| What you have to do |
Find the line with "Szudán Exodus a" in the entries below, then output every line from it down to the line with "В квартирі виконано", exactly and with no pictures.

| Given data |
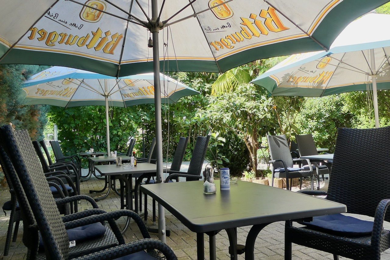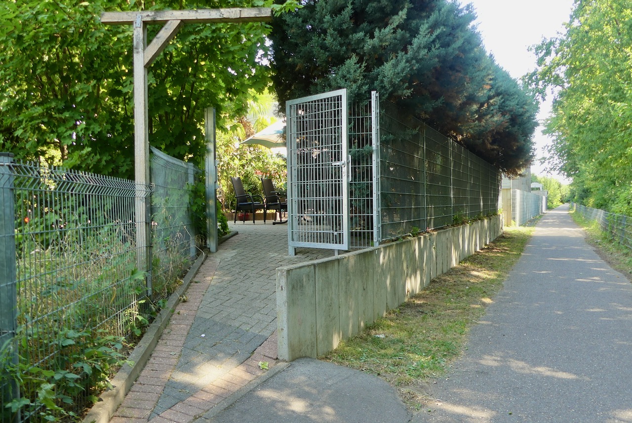 Eine bekannte Strecke andersrum zu fahren eröffnet auch immer neue Ein- und Ausblicke. Bin ich hier wirklich lang gefahren? Stand da dieses Gebäude? Warum geht das hier hoch? An dem unauffälligen Törchen wäre ich fast vorbei gerauscht. Dahinter verbirgt sich ein Biergarten für die Siesta.
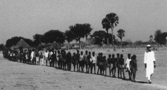 Szudán Exodus a szabadságba 1997 advent elsõ vasárnapja különös várakozással töltötte el Tiomthet dinka falu gyerekeit. Vidáman csilingelõ harang – amerikai misszionáriusok ajándéka – hangja úszott a levegõben. Az éneklõ hívõk elöl egyszerû fakereszttel, kígyózó körmenetben vonultak a szalmatetõs templomba.
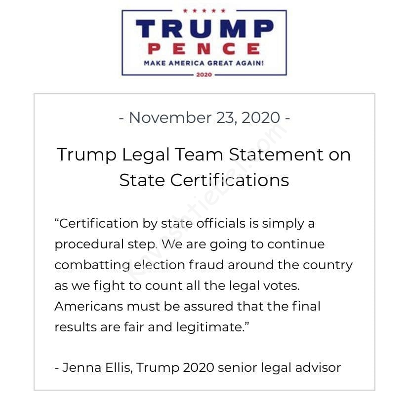 נאך וואס מישיגען האט אפציעל סערטעפייד אירע וואוטס היינט האט די טראמפ קאמפיין'ס לעגאלע טיעם ארויס געלייגט די פאלגענדע סטעיטמענט.
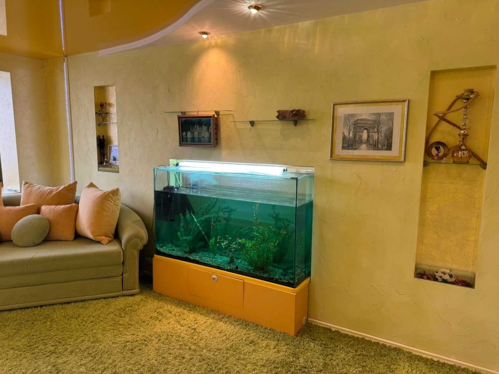 В квартирі виконано дизайнерський ремонт з частковим переплануванням, встановлено лічильники води, газу, електроенергії, замінено столярку, труби і сантехніку, встановлено кондиціонер, стаціонарний акваріум. Квартира повністю мебльована, меблі та техніка залишаються покупцю квартири.
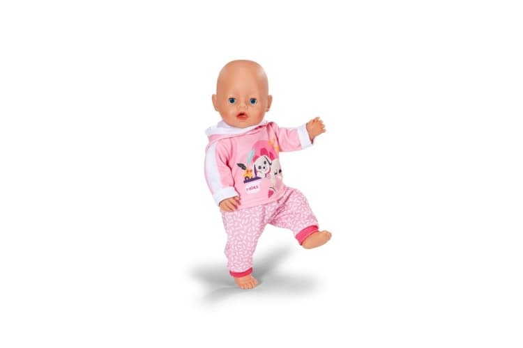 BABY born Teplákovka růžová (43 cm) – pohodlný dvoudílný outfit s potiskem Luckyho a Berty, snadné oblékání easy fit, ideální pro zábavnou a kreativní hru s panenkou.
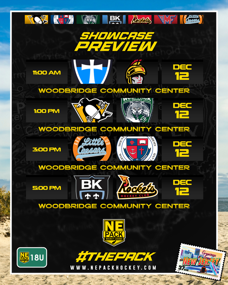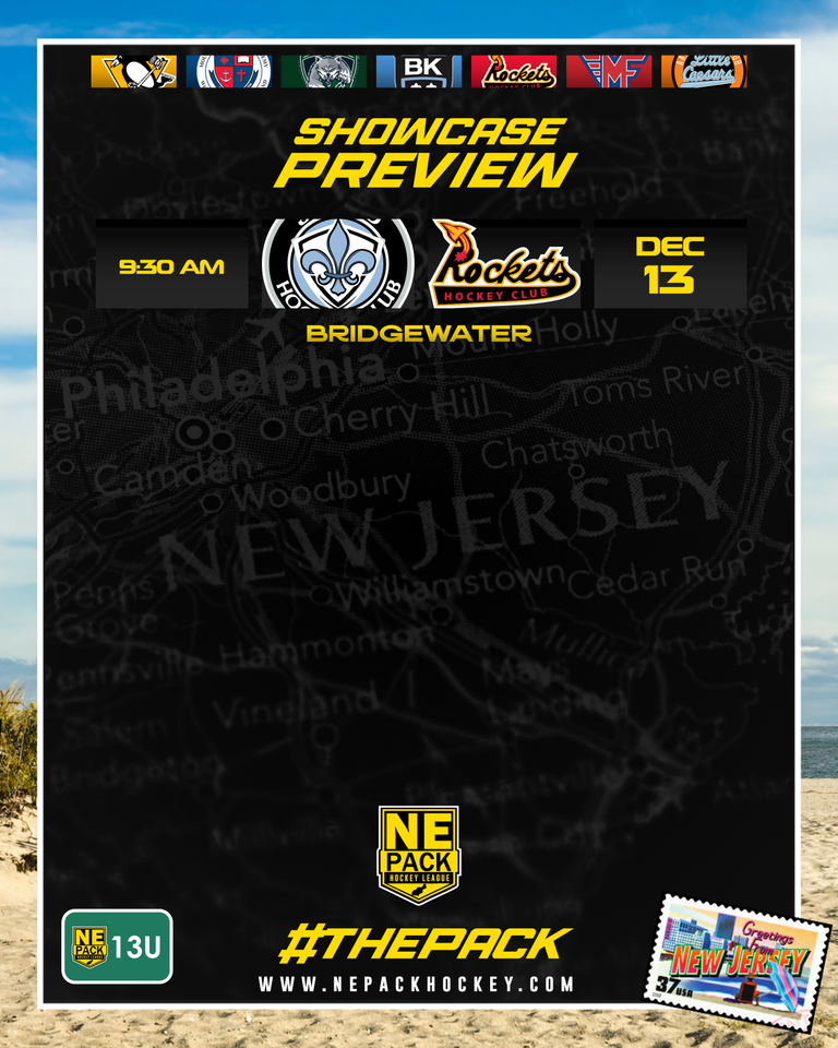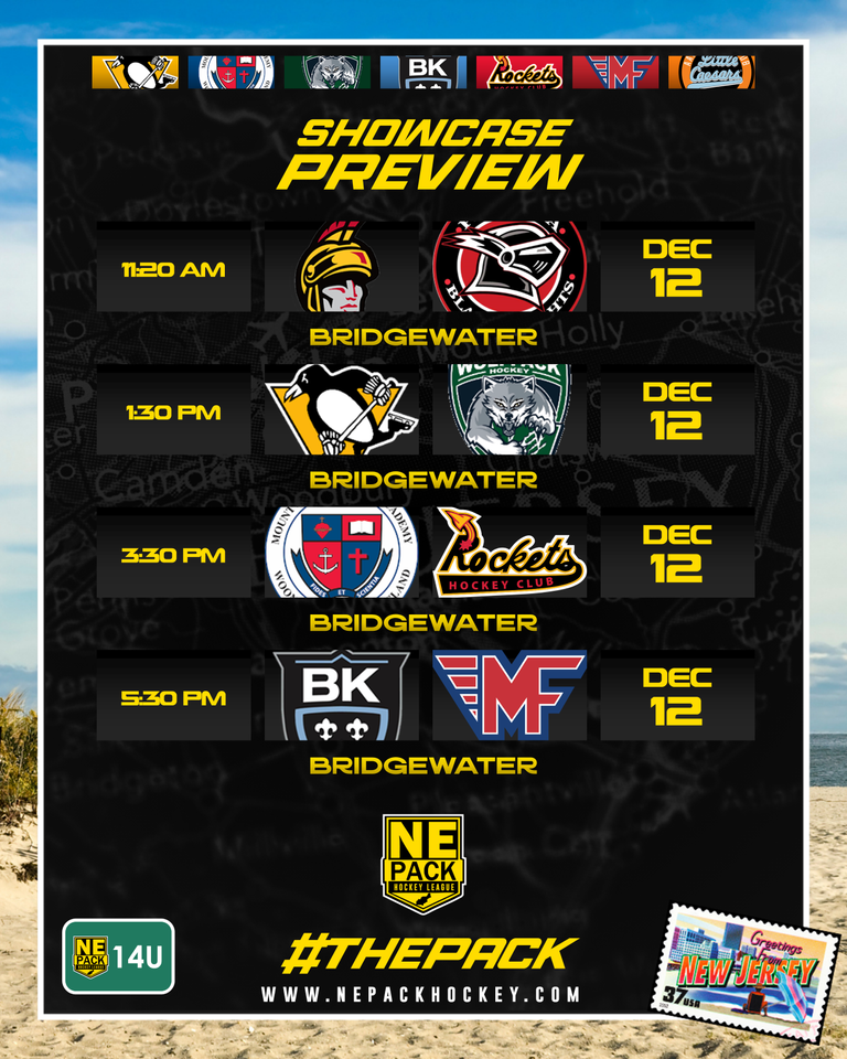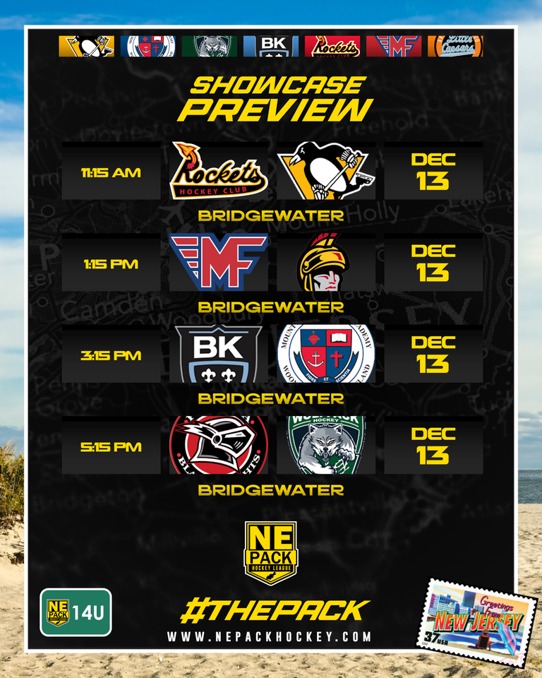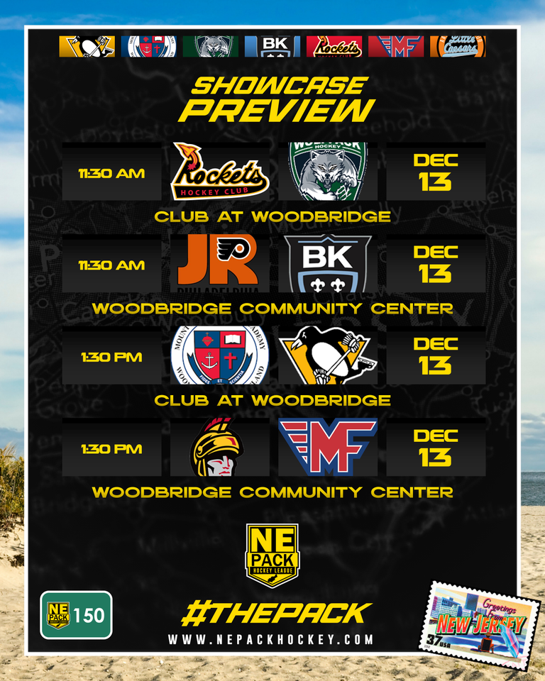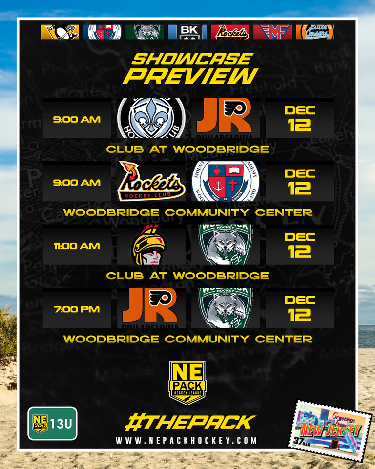 The Northeast Pack Hockey League will host a league showcase in New Jersey on December 12-14, 2025 for ages 13U-18U. This will be the first and only event of the season that has the 13U (2012) age division participating. We are excited to host the 13U teams as they are the future of the Northeast Pack Hockey League! Thank you to the New Jersey Rockets and the Wolfpack Hockey Club for hosting this showcase. Please see the slides below for the weekend preview. Best of luck to all teams participating.
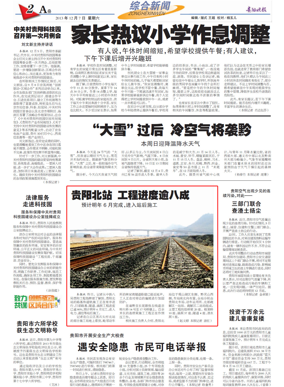 昨日,记者从中铁八局贵阳工程指挥部了解到,贵阳北站的路基和道轨施工正在有序进行,目前路基、隧道、涵洞工程进度已逾80%,预计明年6月完工,进入电力、通信等站后施工。
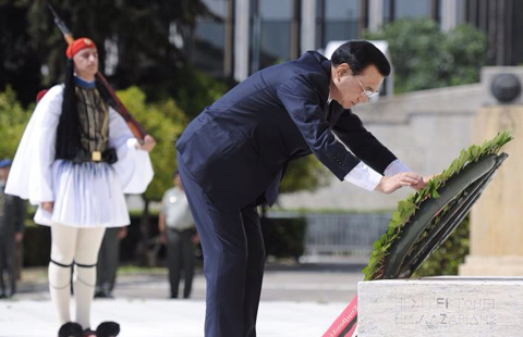 Chinese Premier Li Keqiang places a wreath at the Tomb of Unknown Soldier in Athens, Greece, on June 19, 2014.
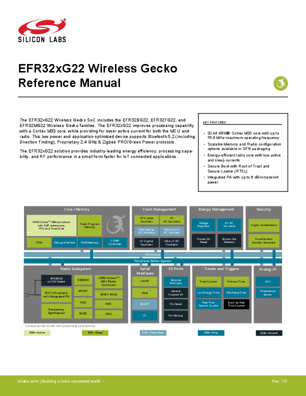 EFM32PG22 Gecko MCU Family Data Sheet Silicon Labs EFM32PG22 Gecko MCU family data sheet detailing features, specifications, and ordering information for this 32-bit ARM Cortex-M33 microcontroller, ideal for energy-friendly embedded applications in consumer and industrial markets. |
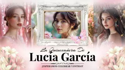 Pink Flower Butterfly Quinceanera Happy Birthday Invitation Collage Slideshow
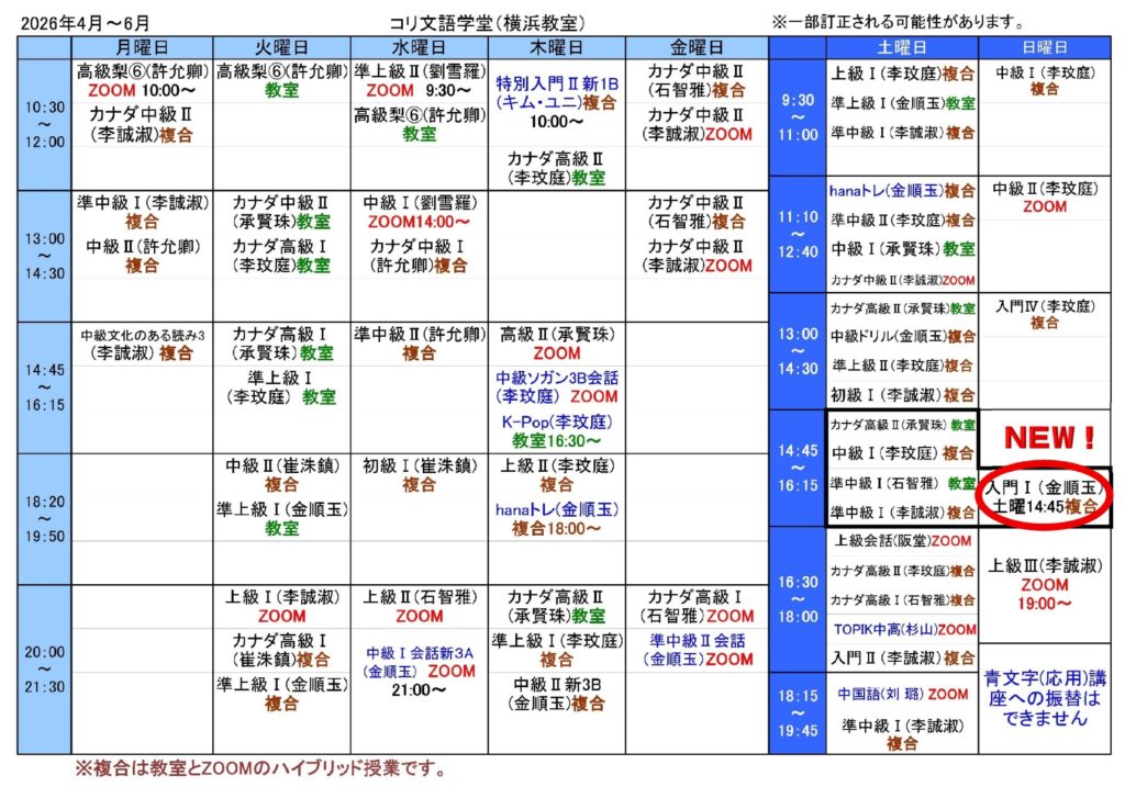 オンライン(zoom)対面(横浜校)対面(新大久保校)
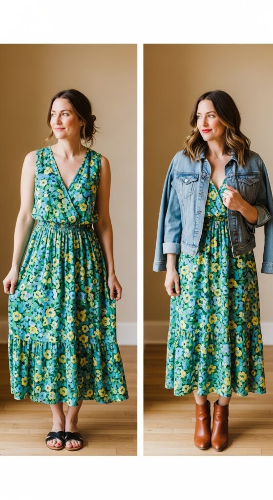 Your summer midi dress can easily transition into early fall by adding ankle boots and a light cardigan or jacket. Add a belt to define your waist and a crossbody bag for charm. This outfit is romantic yet practical for changing temps.
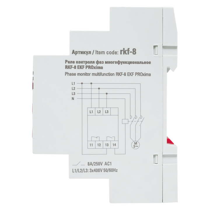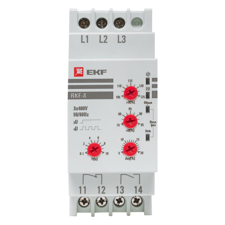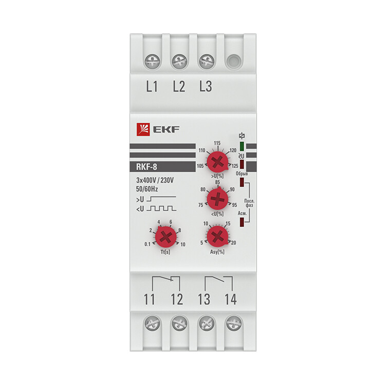 Многофункциональное реле контроля фаз PROxima является устройством, созданным на базе микроконтроллера. Реле применяется в системах автоматизации и предназначено для высокоточного контроля качества питания сети в электроустановках до 1000 В переменного тока трехфазной сети. Реле контролирует следующие параметры: • отсутствие фаз; • падение напряжения (кроме rkf-11, rkf-31); • повышение напряжения (кроме rkf-11, rkf-31); • асимметрия напряжения с выдержкой времени срабатывания (кроме rkf-11, rkf-34, rkf-31); • чередование фаз;
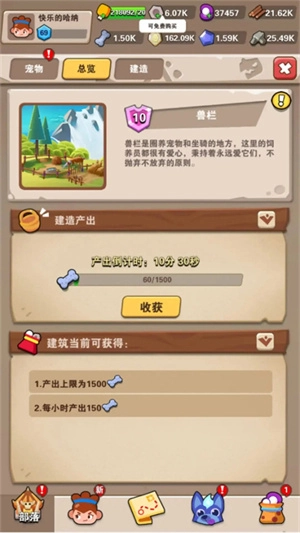 升级兽栏,还可以缩短兽粮产出时间和产出上限
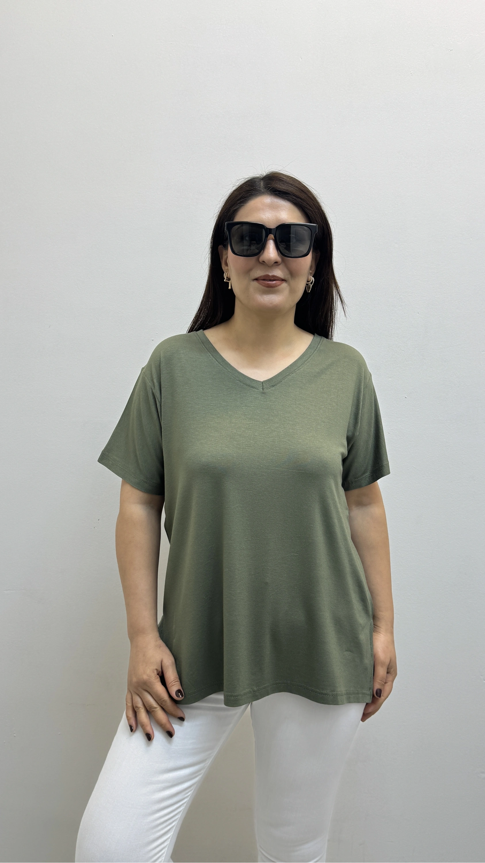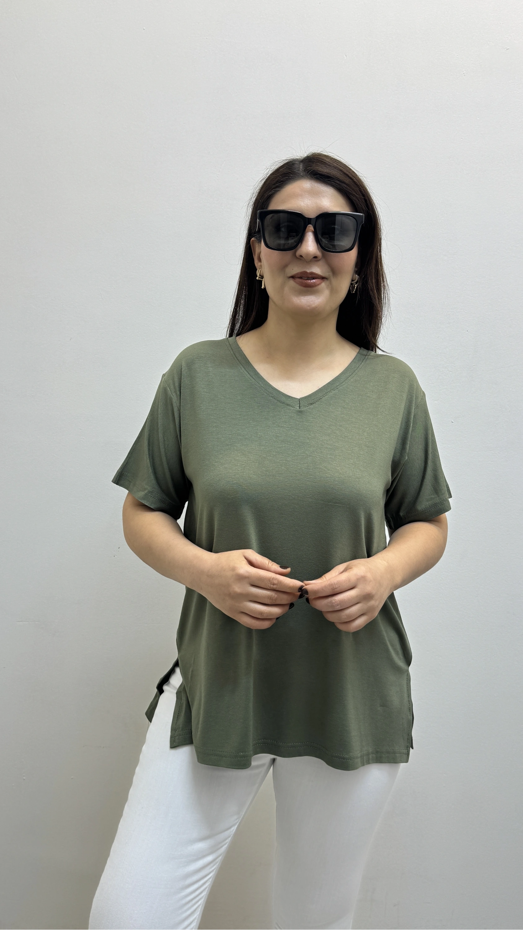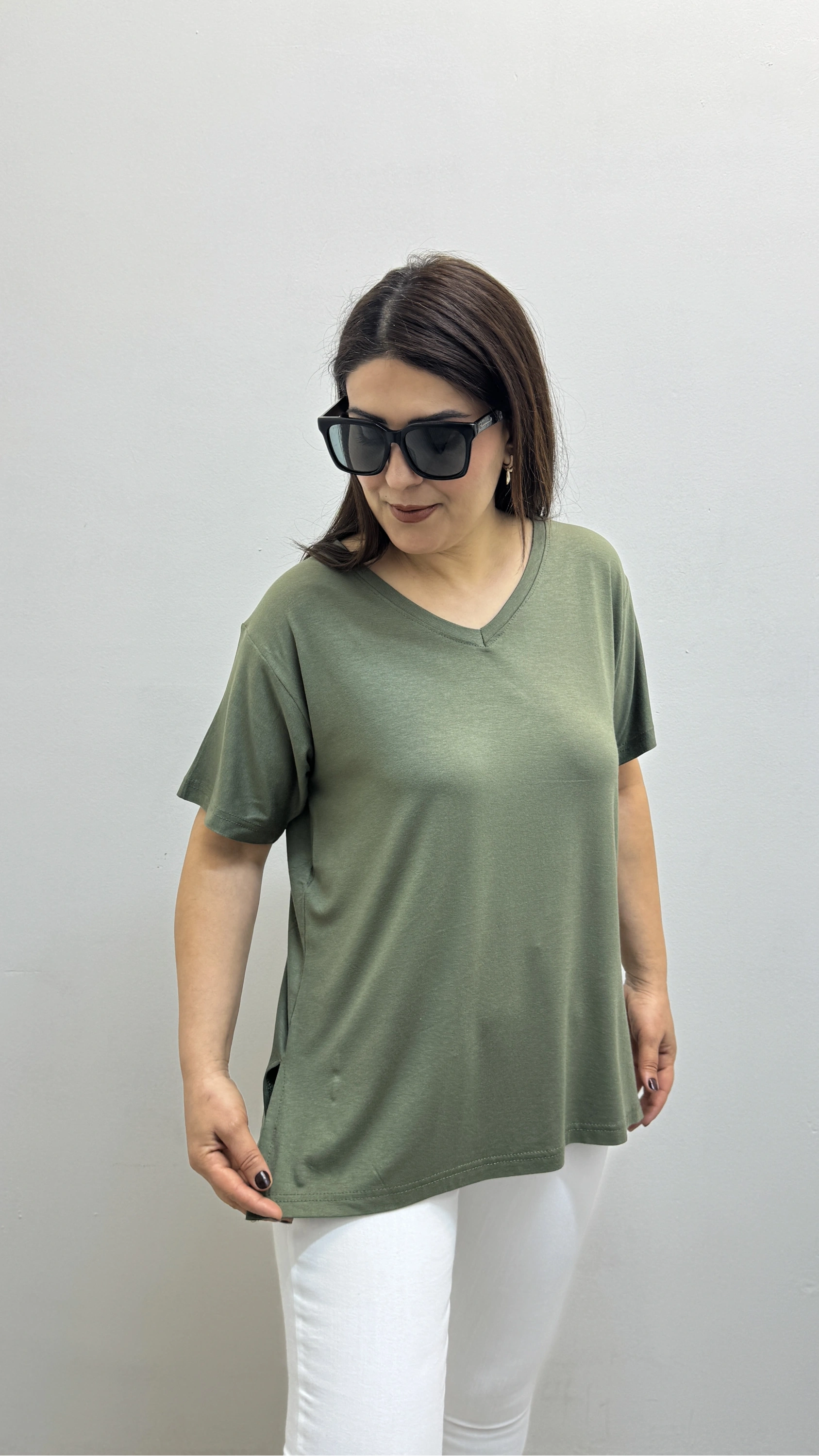 İki Yandan Yırtmaçlı V Yaka Haki Yeşil Basic Tişört Hakkında

| Solution |
 Szudán Exodus a szabadságba 1997 advent elsõ vasárnapja különös várakozással töltötte el Tiomthet dinka falu gyerekeit. Vidáman csilingelõ harang – amerikai misszionáriusok ajándéka – hangja úszott a levegõben. Az éneklõ hívõk elöl egyszerû fakereszttel, kígyózó körmenetben vonultak a szalmatetõs templomba.
 נאך וואס מישיגען האט אפציעל סערטעפייד אירע וואוטס היינט האט די טראמפ קאמפיין'ס לעגאלע טיעם ארויס געלייגט די פאלגענדע סטעיטמענט.
 В квартирі виконано дизайнерський ремонт з частковим переплануванням, встановлено лічильники води, газу, електроенергії, замінено столярку, труби і сантехніку, встановлено кондиціонер, стаціонарний акваріум. Квартира повністю мебльована, меблі та техніка залишаються покупцю квартири.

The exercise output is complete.